Our analysis of the distribution of COG functional categories of the Core, Non-core and HGT nodes within the E. coli protein interaction network reveal that the Core genes are the most abundant and cover all the major COG functional categories in comparison to the Non-core and HGT gene sets (Figure 7). Although, the Non-core and HGT genes show similar COG distribution profiles within the protein interaction network, differences exist in COG categories C, G, H and V in which the HGT genes are relatively more abundant than Non-core genes. A most notable result in this regard is the COG defense category (V) in which the HGT gene set within the E. coli protein interaction network has a significantly higher mean node degree than the Core and Non-core genes set.
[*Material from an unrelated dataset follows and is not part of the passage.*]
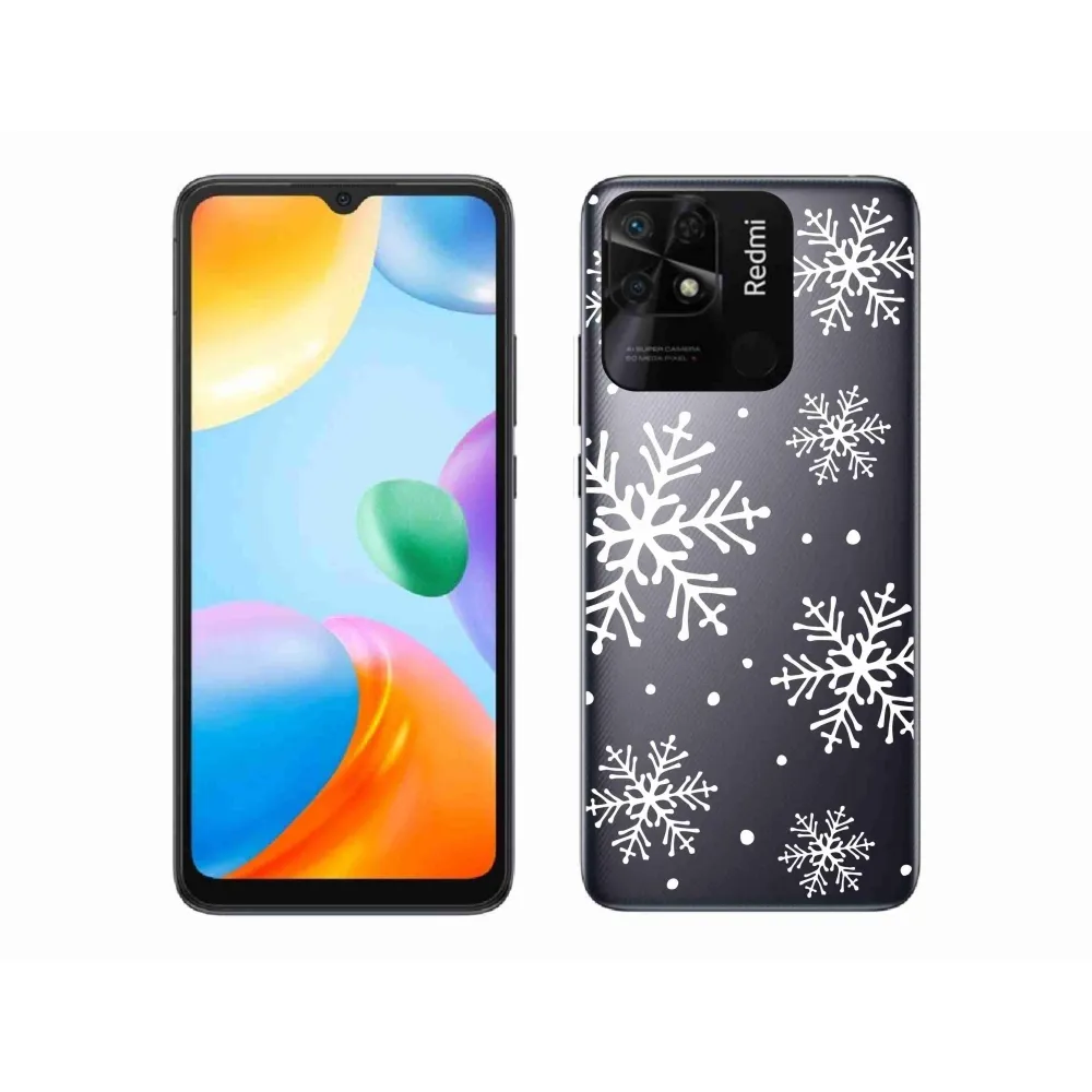 Rugalmas gél tok mmCase motívummal Xiaomi Redmi 10C - fehér hópelyhek átlátszó háttéren
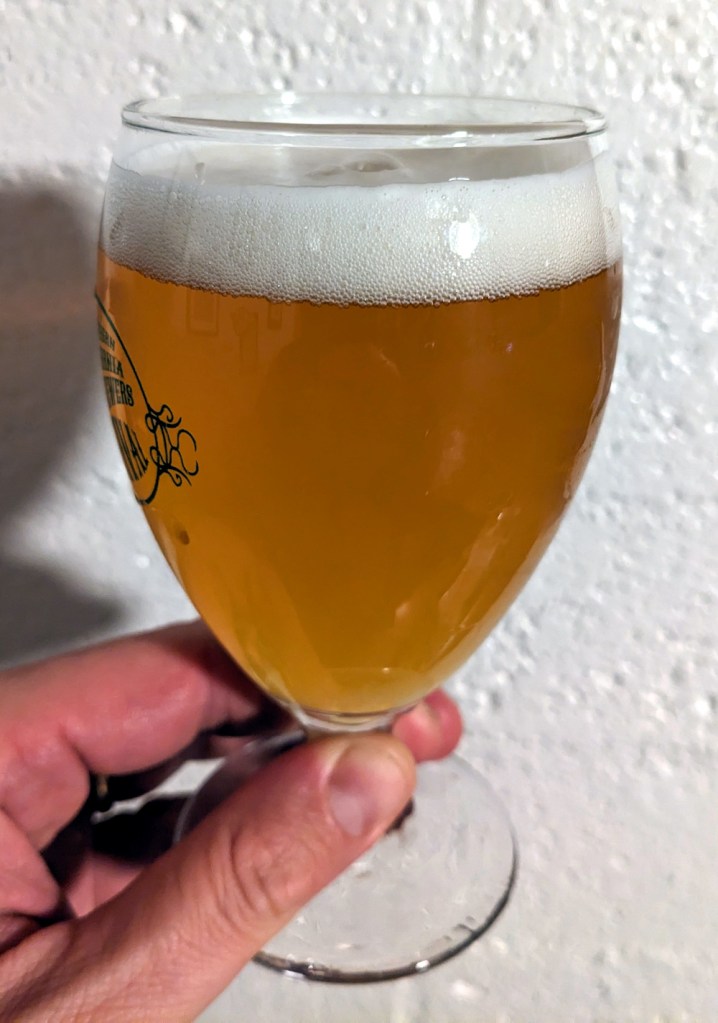 - Clear, light gold beer, pouring with a persistent white head. Very pretty!

We further investigated the evolutionary profiles of the interaction partners in the network. Table 2 shows that about 74% of all the interactions are between a pair of Core genes, 11.2 % of the interactions are between a Core gene and a Non-core gene. In other words, in total about 85% of the interactions involve at least one Core gene. Among the interactions involving HGT genes, a large percentage (89%) was between a HGT genes and a Core gene, while interactions between Non-core and HGT genes only account for 1%. This is surprising since the ratio between Core genes and Non-core genes is only ~5:1, much smaller than the 9:1 ratio (89%: 10%) that we observed in the network. This discrepancy in ratio implies that an HGT gene have a higher propensity to establish interaction with a Core gene than with a Non-core gene. Indeed, the proportions of HGT-Core interactions are higher than expected by chance (Chi-squared test, p-value < 0.001).

Such a model of preferential attachment has previously been proposed to explain the growth of protein interaction networks in S. cerevisiae 205051 and was also suggested recently for E. coli 52; however it has remained mostly unproven since it was difficult to trace back the evolution history of protein networks. Along this line, the HGT genes in E. coli offer a unique opportunity to test this theory since these genes are indeed "new genes" that were only added to the network after the HGT event ~100 millions ago 5. Our observation provided direct evidence and support for this model, which has not been reported previously.